Some embodiments may exclude one or more of blocks 405-440. For example, a change in axial force transmission efficiency based on a load transfer test (block 310) can be performed without first raising the drill bit 160 above the bottom of the well bore 165. In such an embodiment, the load on the hook can still be changed by adding a load on the hook or reducing the load on the hook, and the corresponding changes in pressure on the bit are determined as described above.

In some embodiments, the process of changing the axial force transmission efficiency based on the load transfer test (block 310) is performed while the drill string is spinning. In other embodiments, the process of changing the axial force transmission efficiency based on the load transfer test (block 310) is performed while the rotation of the drill string and the rotation speed are allowed or not allowed to change during block 310. In some embodiments, the change process the axial force transmission efficiency, based on the load transfer test (block 310), is performed during the circulation of the fluid through the well bore 165. In other embodiments, the axial force transfer efficiency changing process based on the load transfer test (block 310) is performed without circulating the fluid through the well bore 165.

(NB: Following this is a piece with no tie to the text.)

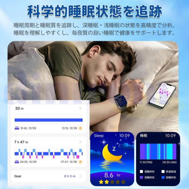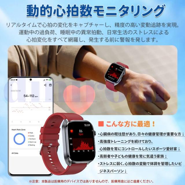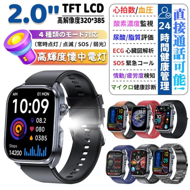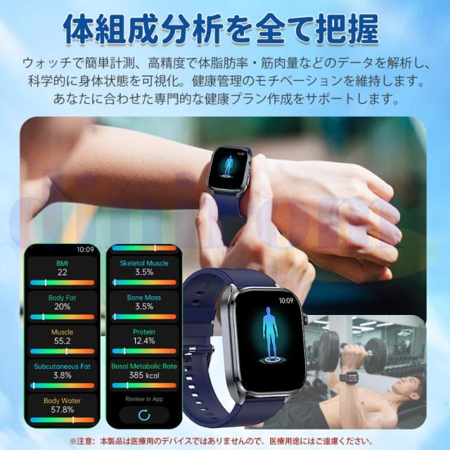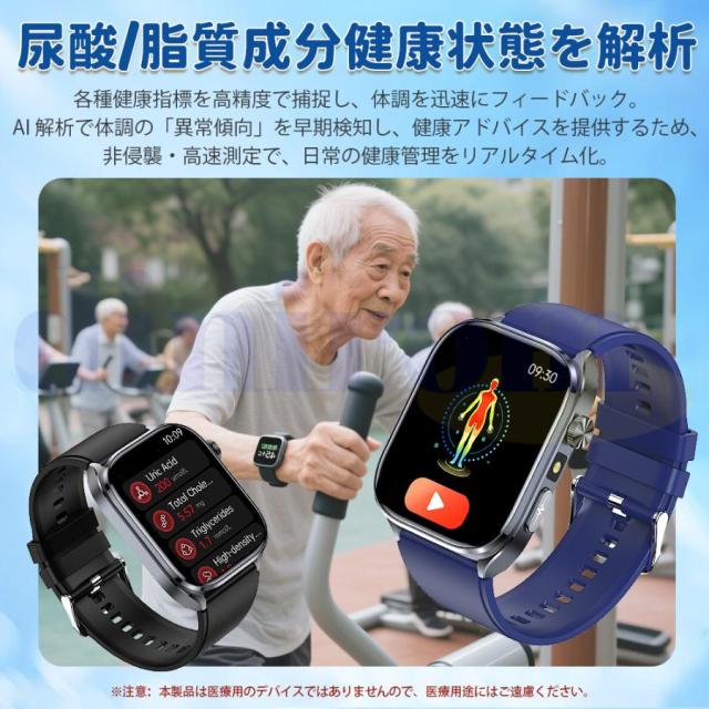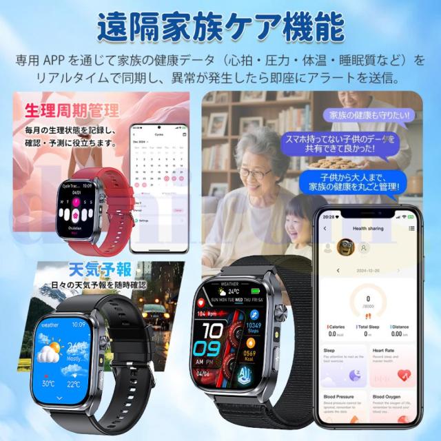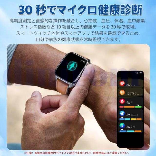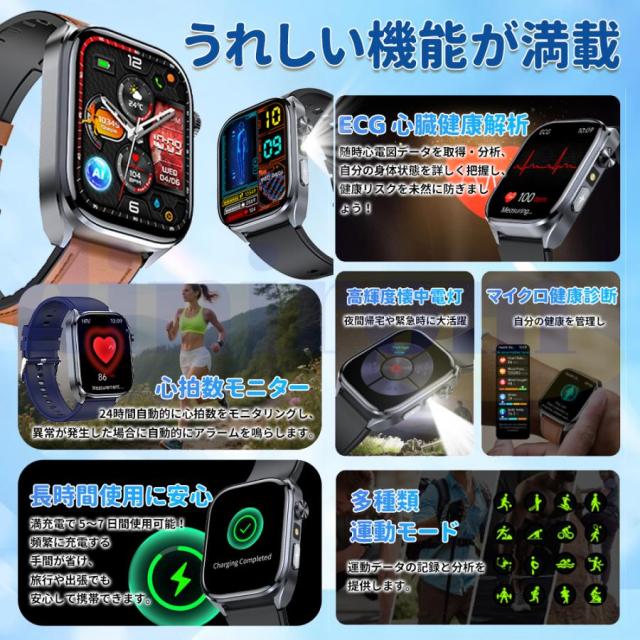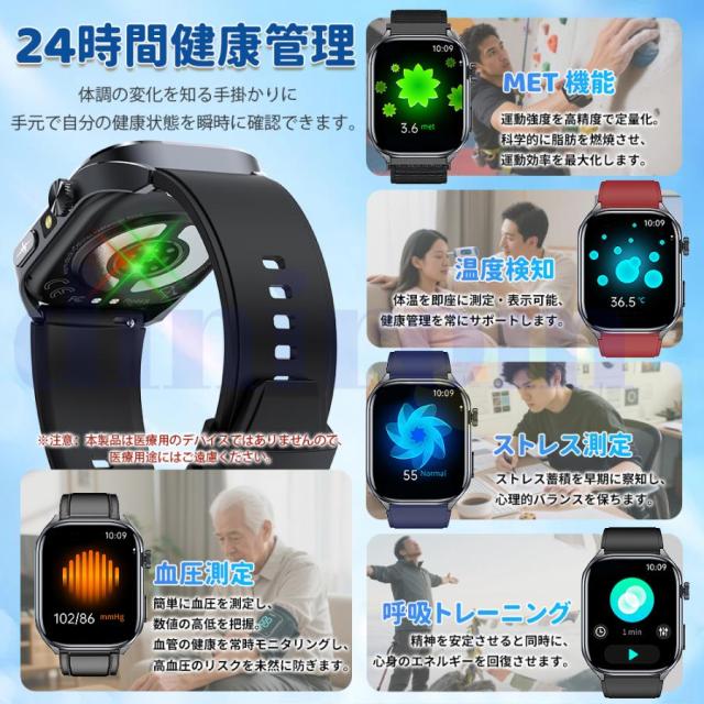 スマートウォッチ 医療レベル健康- 血圧測定 ECG心電図 通話機能 体温 血圧 体組成 血液成分分析 音声アシスタント 血中酸素 歩数計 睡眠 iPhone Android対応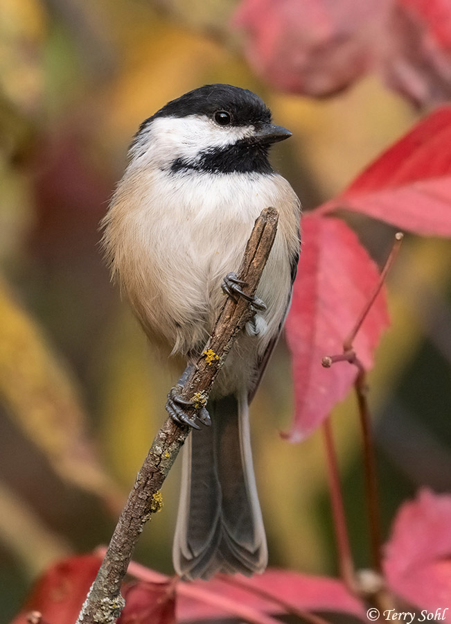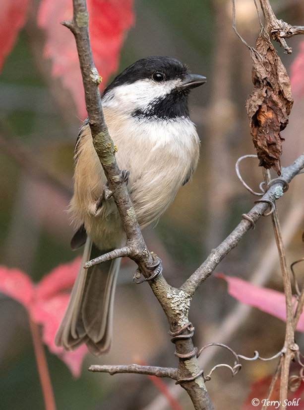 Black-capped Chickadee perched in red autumn foliage |

In FIG. 5 is a flowchart of an example of a process for changing an axial force transmission efficiency based on collected data (block 325). One or more measurements in the wellbore may be obtained from sensors at the bottom of the drill string, sensors at one or more sub 155, or sensors at or near the surface. In some embodiments, the axial force transmission efficiency varies based on time and depth information. In such embodiments, the axial force transmission efficiency varies based on a plurality of two or more times or depths depending on the hook load values. In some embodiments, one or more sensors are located along the drill string. Sensors measure properties indicating the load on the hook and send signals to processor 180. In some embodiments, data is transmitted from the sensors to processor 180 through a drill pipe equipped with wires. In other embodiments, data is transmitted from the sensors to the processor 180 via fiber optic cables in the drill string. Some embodiments are characterized by several sensors located on the drill string at different depths in the wellbore. In some embodiments, drilling operations are suspended when the sensors measure properties indicative of the load on the hook, while in other embodiments, measurements are taken by the sensor without interrupting drilling operations. In an embodiment, when drilling operations are paused, they are later resumed, which causes the sensors to move to a new depth in the wellbore, and measurements are performed again. In some embodiments, processor 180 interpolates measurements taken at different depths to determine a change in hook load as a function of depth. The sensor may include one or more strain sensors. In some embodiments, the downhole sensors are sealed strain gauges.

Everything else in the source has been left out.